Task requirements. Without the pictures, retype each line below exactly as it stands.

Given information.
»»

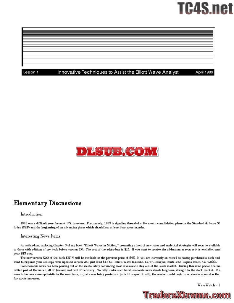 Wave Watch April 1989 Innovative Techniques To Assist The Elliott Wave Analyst
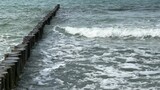Baltic Sea waves crashing against wooden groins on a cloudy day near Graal-Müritz, Germany.
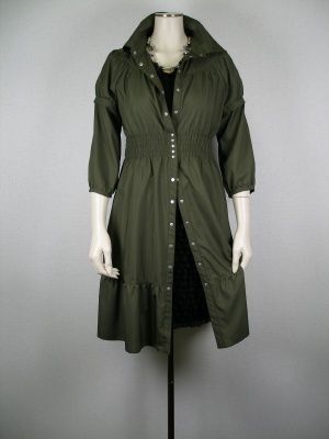 ダークカラーを春着るには、素材感がポイント。軽いワンピースコートの下からフリルたっぷりのスカートをのぞかせてみました!スタイリッシュ度80%、フェミニン度20%。

««

Problem solution.
 Wave Watch April 1989 Innovative Techniques To Assist The Elliott Wave Analyst
Baltic Sea waves crashing against wooden groins on a cloudy day near Graal-Müritz, Germany.
 ダークカラーを春着るには、素材感がポイント。軽いワンピースコートの下からフリルたっぷりのスカートをのぞかせてみました!スタイリッシュ度80%、フェミニン度20%。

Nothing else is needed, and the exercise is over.